• _INFORMATION_

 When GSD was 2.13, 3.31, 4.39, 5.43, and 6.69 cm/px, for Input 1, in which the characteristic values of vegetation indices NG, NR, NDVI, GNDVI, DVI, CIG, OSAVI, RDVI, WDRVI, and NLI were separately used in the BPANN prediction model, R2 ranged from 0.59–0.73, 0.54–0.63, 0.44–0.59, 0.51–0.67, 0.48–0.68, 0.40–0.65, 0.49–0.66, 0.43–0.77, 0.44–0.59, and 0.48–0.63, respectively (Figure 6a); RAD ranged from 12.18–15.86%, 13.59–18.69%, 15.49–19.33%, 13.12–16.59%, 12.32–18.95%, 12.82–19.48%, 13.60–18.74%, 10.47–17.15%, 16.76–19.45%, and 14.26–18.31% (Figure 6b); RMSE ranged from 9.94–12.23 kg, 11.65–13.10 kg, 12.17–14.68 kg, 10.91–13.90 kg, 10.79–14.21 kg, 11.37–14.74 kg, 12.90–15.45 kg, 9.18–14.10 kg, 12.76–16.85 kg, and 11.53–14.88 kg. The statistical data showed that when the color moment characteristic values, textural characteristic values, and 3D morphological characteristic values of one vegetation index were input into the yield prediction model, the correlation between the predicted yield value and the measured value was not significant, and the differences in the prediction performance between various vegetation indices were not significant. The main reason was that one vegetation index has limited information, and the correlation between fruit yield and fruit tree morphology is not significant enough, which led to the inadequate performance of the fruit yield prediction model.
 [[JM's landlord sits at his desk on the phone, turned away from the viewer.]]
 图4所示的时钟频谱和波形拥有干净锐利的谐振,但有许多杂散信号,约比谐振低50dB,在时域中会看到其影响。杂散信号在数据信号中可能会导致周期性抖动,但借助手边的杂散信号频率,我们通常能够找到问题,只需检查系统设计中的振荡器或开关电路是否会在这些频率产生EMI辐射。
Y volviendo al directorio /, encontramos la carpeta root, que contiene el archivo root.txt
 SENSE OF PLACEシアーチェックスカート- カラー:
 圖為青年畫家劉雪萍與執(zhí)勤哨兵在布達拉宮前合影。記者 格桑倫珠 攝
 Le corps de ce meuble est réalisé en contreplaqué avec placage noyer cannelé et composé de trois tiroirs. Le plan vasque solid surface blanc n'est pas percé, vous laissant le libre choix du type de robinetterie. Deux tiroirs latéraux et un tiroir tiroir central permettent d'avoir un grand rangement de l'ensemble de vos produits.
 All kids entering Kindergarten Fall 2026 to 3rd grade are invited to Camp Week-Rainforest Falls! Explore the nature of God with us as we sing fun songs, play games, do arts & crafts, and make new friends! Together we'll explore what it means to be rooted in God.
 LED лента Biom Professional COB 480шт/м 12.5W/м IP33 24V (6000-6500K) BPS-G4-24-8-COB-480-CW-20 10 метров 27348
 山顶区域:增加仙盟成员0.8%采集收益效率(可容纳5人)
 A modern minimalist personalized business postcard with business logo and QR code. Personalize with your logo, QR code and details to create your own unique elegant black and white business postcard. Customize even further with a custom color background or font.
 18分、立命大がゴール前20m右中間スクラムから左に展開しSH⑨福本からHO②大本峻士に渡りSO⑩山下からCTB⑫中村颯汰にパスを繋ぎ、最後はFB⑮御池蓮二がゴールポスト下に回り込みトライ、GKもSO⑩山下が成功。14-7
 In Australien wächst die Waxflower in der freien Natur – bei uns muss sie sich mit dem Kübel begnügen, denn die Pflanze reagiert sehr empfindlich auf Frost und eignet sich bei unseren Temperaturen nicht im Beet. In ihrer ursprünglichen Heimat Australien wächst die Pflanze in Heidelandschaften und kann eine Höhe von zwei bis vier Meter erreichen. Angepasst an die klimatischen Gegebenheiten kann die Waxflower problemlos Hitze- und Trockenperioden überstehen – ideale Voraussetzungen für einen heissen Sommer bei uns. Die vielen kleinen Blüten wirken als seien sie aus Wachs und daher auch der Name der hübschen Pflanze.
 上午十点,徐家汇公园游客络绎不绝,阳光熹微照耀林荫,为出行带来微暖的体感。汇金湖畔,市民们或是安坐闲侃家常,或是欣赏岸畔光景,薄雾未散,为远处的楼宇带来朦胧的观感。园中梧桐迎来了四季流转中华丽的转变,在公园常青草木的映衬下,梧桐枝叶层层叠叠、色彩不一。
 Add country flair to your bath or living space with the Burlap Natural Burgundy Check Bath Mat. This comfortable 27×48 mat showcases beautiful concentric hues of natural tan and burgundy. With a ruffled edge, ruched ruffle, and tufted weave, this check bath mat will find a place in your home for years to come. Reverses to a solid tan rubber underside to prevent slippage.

• _EXERCISE REQUIREMENTS_
Beginning at the line with "18分、立命大がゴール前20" and stopping after the line with "In Australien wächst", please write out every line of the data above exactly and nothing else.

• _RESULT OF THE TASK_
 18分、立命大がゴール前20m右中間スクラムから左に展開しSH⑨福本からHO②大本峻士に渡りSO⑩山下からCTB⑫中村颯汰にパスを繋ぎ、最後はFB⑮御池蓮二がゴールポスト下に回り込みトライ、GKもSO⑩山下が成功。14-7
 In Australien wächst die Waxflower in der freien Natur – bei uns muss sie sich mit dem Kübel begnügen, denn die Pflanze reagiert sehr empfindlich auf Frost und eignet sich bei unseren Temperaturen nicht im Beet. In ihrer ursprünglichen Heimat Australien wächst die Pflanze in Heidelandschaften und kann eine Höhe von zwei bis vier Meter erreichen. Angepasst an die klimatischen Gegebenheiten kann die Waxflower problemlos Hitze- und Trockenperioden überstehen – ideale Voraussetzungen für einen heissen Sommer bei uns. Die vielen kleinen Blüten wirken als seien sie aus Wachs und daher auch der Name der hübschen Pflanze.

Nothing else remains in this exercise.